»»

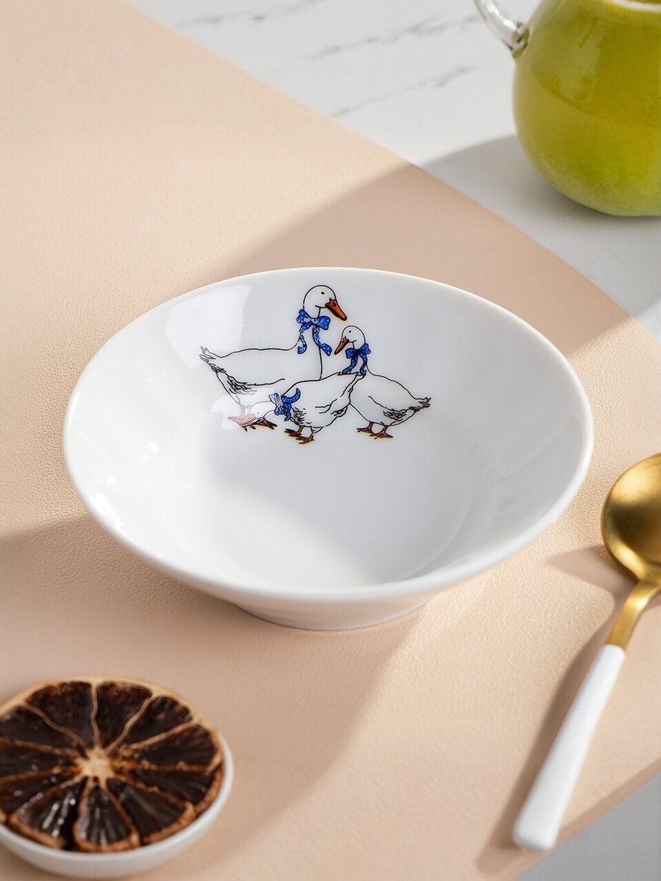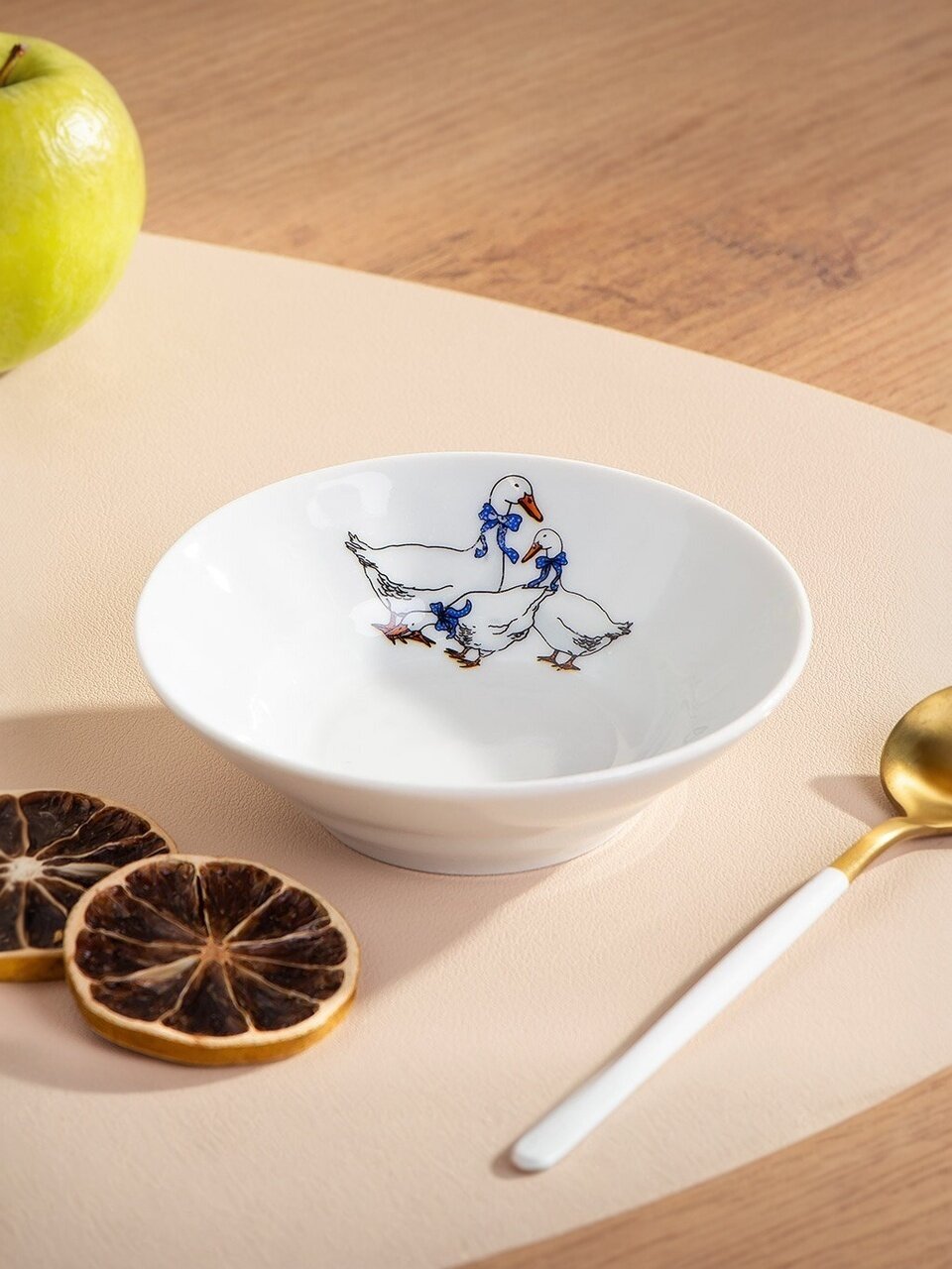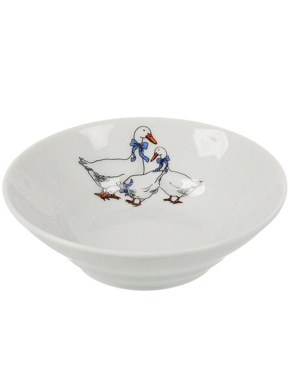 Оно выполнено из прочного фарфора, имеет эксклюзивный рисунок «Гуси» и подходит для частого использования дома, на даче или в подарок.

««
»»

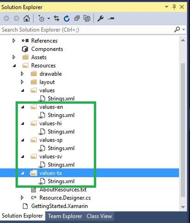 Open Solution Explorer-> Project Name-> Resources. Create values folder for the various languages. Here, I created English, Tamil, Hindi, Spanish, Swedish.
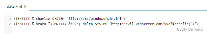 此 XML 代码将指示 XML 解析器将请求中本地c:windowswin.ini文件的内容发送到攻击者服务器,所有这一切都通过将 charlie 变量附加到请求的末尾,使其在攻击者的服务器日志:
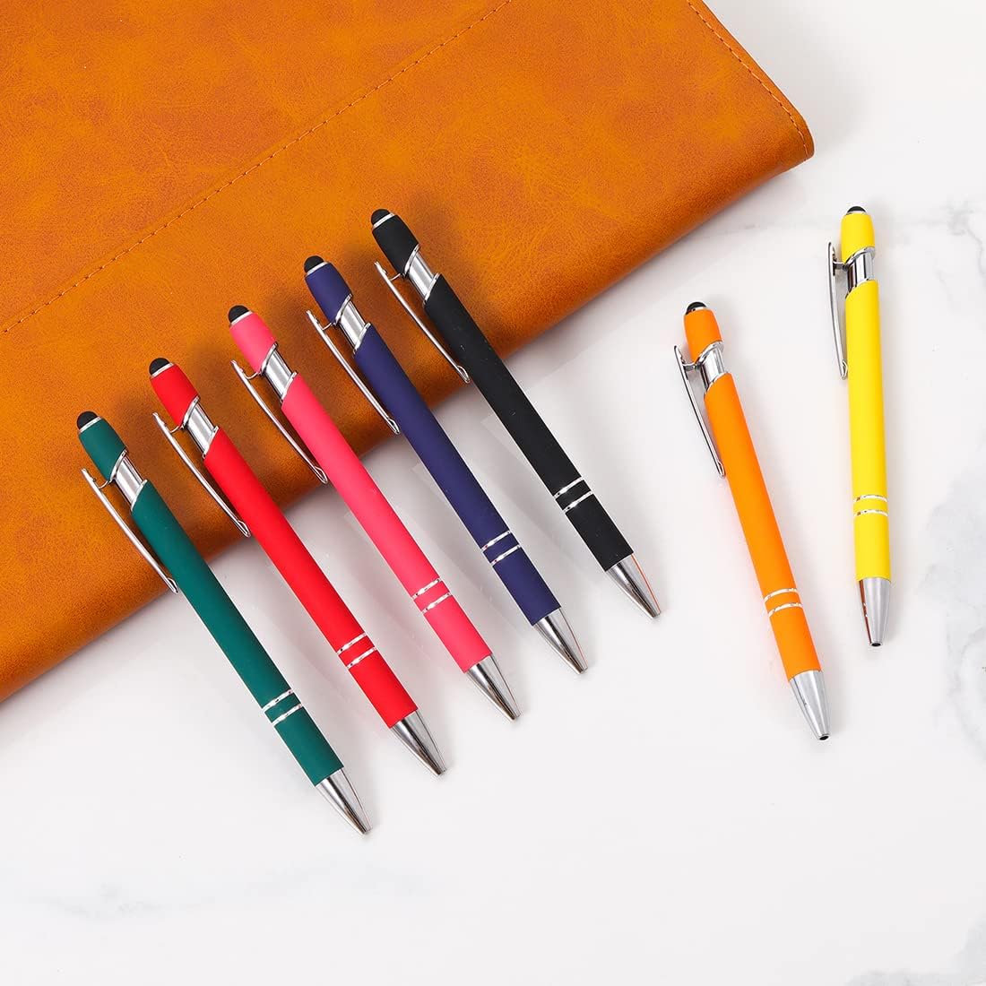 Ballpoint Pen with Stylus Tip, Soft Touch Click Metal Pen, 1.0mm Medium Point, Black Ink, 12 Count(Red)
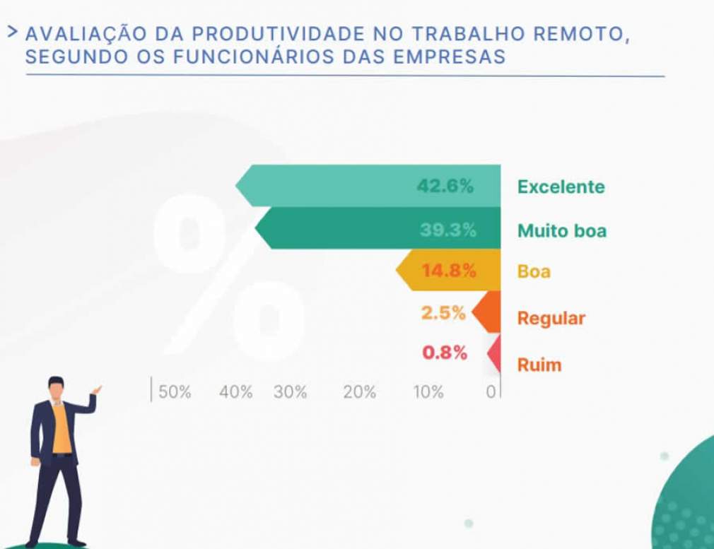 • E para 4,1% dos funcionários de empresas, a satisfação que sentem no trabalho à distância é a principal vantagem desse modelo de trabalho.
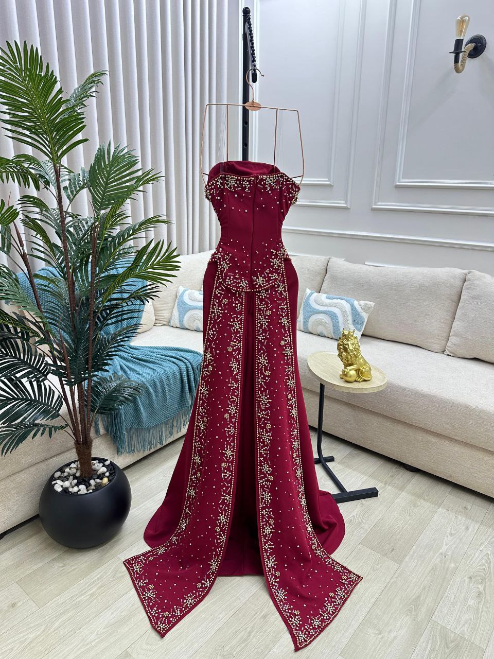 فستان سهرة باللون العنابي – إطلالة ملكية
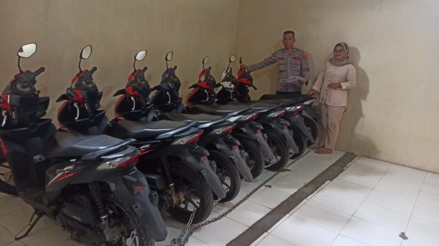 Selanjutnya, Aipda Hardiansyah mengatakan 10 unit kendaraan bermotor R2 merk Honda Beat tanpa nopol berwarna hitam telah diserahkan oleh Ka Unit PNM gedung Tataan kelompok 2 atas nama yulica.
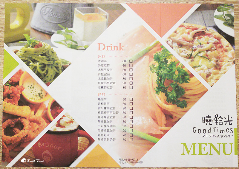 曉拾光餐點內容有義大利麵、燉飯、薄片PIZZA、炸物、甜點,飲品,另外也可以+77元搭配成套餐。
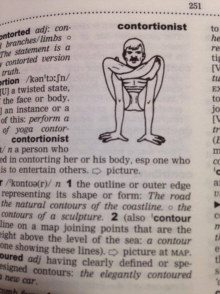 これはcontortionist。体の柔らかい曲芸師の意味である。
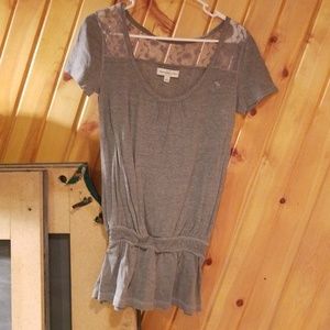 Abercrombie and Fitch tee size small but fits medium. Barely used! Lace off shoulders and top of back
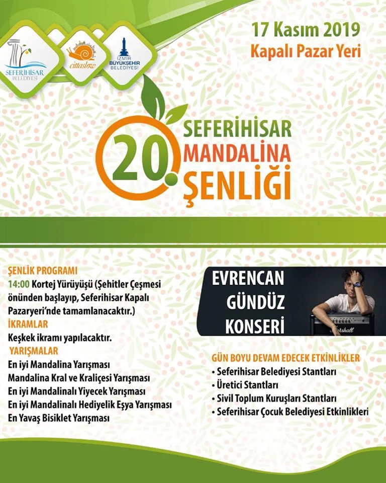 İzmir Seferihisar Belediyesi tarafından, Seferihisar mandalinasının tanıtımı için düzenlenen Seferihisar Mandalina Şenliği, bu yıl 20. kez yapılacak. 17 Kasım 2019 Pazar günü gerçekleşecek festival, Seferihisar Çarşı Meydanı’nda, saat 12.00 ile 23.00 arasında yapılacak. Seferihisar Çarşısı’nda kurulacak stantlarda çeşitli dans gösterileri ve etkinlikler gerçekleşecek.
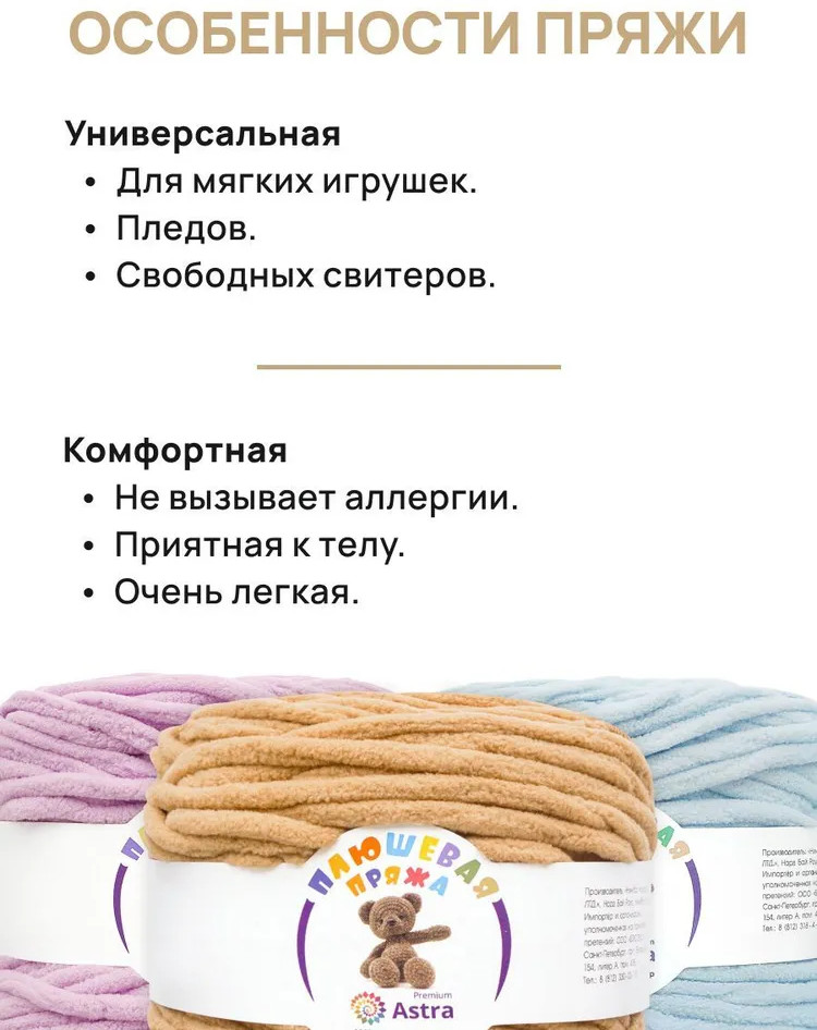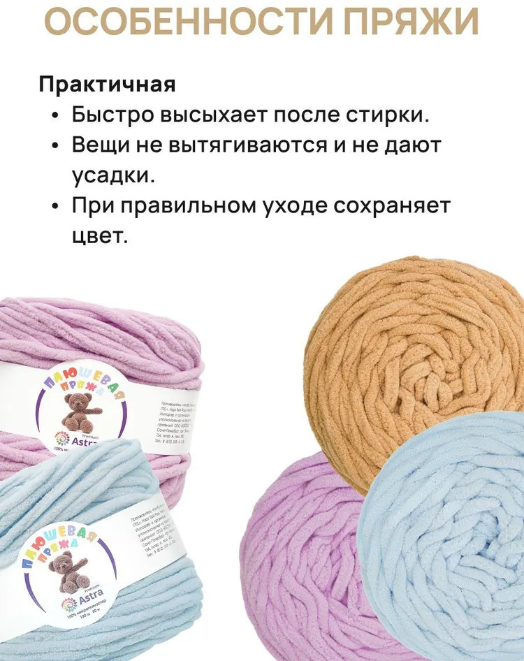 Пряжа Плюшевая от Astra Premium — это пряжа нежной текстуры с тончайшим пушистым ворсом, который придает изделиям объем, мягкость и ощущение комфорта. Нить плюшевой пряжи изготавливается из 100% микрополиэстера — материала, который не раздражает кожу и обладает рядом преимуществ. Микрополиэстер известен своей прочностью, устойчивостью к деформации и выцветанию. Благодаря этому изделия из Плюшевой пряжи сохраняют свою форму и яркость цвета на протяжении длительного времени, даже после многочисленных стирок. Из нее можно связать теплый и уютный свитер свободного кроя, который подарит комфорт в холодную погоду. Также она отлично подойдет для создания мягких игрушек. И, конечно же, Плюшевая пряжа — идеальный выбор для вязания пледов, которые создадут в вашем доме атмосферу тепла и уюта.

««

**PROBLEM REQUIREMENTS:**
When you reach the line containing "فستان سهرة باللون العنابي – إطلالة ملكية" in the entries above, begin restating word for word, and stop once the line containing "Пряжа Плюшевая от" has been given. Omit the pictures.

**RESULT OF THE EXERCISE:**
 فستان سهرة باللون العنابي – إطلالة ملكية
 Selanjutnya, Aipda Hardiansyah mengatakan 10 unit kendaraan bermotor R2 merk Honda Beat tanpa nopol berwarna hitam telah diserahkan oleh Ka Unit PNM gedung Tataan kelompok 2 atas nama yulica.
 曉拾光餐點內容有義大利麵、燉飯、薄片PIZZA、炸物、甜點,飲品,另外也可以+77元搭配成套餐。
 これはcontortionist。体の柔らかい曲芸師の意味である。
 Abercrombie and Fitch tee size small but fits medium. Barely used! Lace off shoulders and top of back
 İzmir Seferihisar Belediyesi tarafından, Seferihisar mandalinasının tanıtımı için düzenlenen Seferihisar Mandalina Şenliği, bu yıl 20. kez yapılacak. 17 Kasım 2019 Pazar günü gerçekleşecek festival, Seferihisar Çarşı Meydanı’nda, saat 12.00 ile 23.00 arasında yapılacak. Seferihisar Çarşısı’nda kurulacak stantlarda çeşitli dans gösterileri ve etkinlikler gerçekleşecek.
 Пряжа Плюшевая от Astra Premium — это пряжа нежной текстуры с тончайшим пушистым ворсом, который придает изделиям объем, мягкость и ощущение комфорта. Нить плюшевой пряжи изготавливается из 100% микрополиэстера — материала, который не раздражает кожу и обладает рядом преимуществ. Микрополиэстер известен своей прочностью, устойчивостью к деформации и выцветанию. Благодаря этому изделия из Плюшевой пряжи сохраняют свою форму и яркость цвета на протяжении длительного времени, даже после многочисленных стирок. Из нее можно связать теплый и уютный свитер свободного кроя, который подарит комфорт в холодную погоду. Также она отлично подойдет для создания мягких игрушек. И, конечно же, Плюшевая пряжа — идеальный выбор для вязания пледов, которые создадут в вашем доме атмосферу тепла и уюта.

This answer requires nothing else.